Rereading .bash_profile

Nifty Hat Mitch mitch48 at sbcglobal.net
Wed Oct 27 05:55:01 UTC 2004


On Mon, Oct 25, 2004 at 05:36:29PM -0400, Lew Bloch wrote:
> "Robert P. J. Day" wisely reminded us:
> >a classic example is to append some entries to your search path:
> >
> >  PATH=$PATH:blah:woof:.....
> >
> >rerunning .bash_profile means that those entries will be appended
> >*again*.  not fatal, of course, but i think too many people very
> >cavalierly re-source that file without making sure there are no
> >adverse consequences.
> 
> With care you can ensure that your .bash_profile actions are idempotent 
> - they leave the same result state as the first time every time.
> 
> For example:
> 
>     if [ "${PATH/\/blah\/bin/}" = "${PATH}" ]
>     then
> 	PATH=${PATH}:/blah/bin
>     fi
> 
> which might leave /blah/bin in the PATH at some position not the end, or
......

Very good advice.

In general such tinkering should be done
with a $HOME/.my-project file.

The .bash_profile file can have a line

    . $HOME/.my-project-X

This line can be commented out while you are working on it.

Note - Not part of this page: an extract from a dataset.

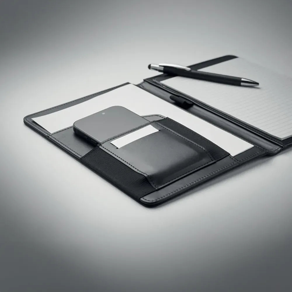 De conferentiemap bevat een A5-notitieblok met 40 wit gelinieerde pagina’s, geproduceerd van duurzaam bamboepapier. Het notitieblok is eenvoudig vervangbaar, waardoor de map langdurig inzetbaar blijft.

You can always type the same command while you are testing as well.

    . $HOME/.my-project-X

The value of this is that it isolates the changes and sets the 
stage for a more tidy user home.  It also permits moving the function
to a system file.... See all the other equivalent files.

     /etc/profile.d/*.sh


-- 
	T o m  M i t c h e l l 
	May your cup runneth over with goodness and mercy
	and may your buffers never overflow.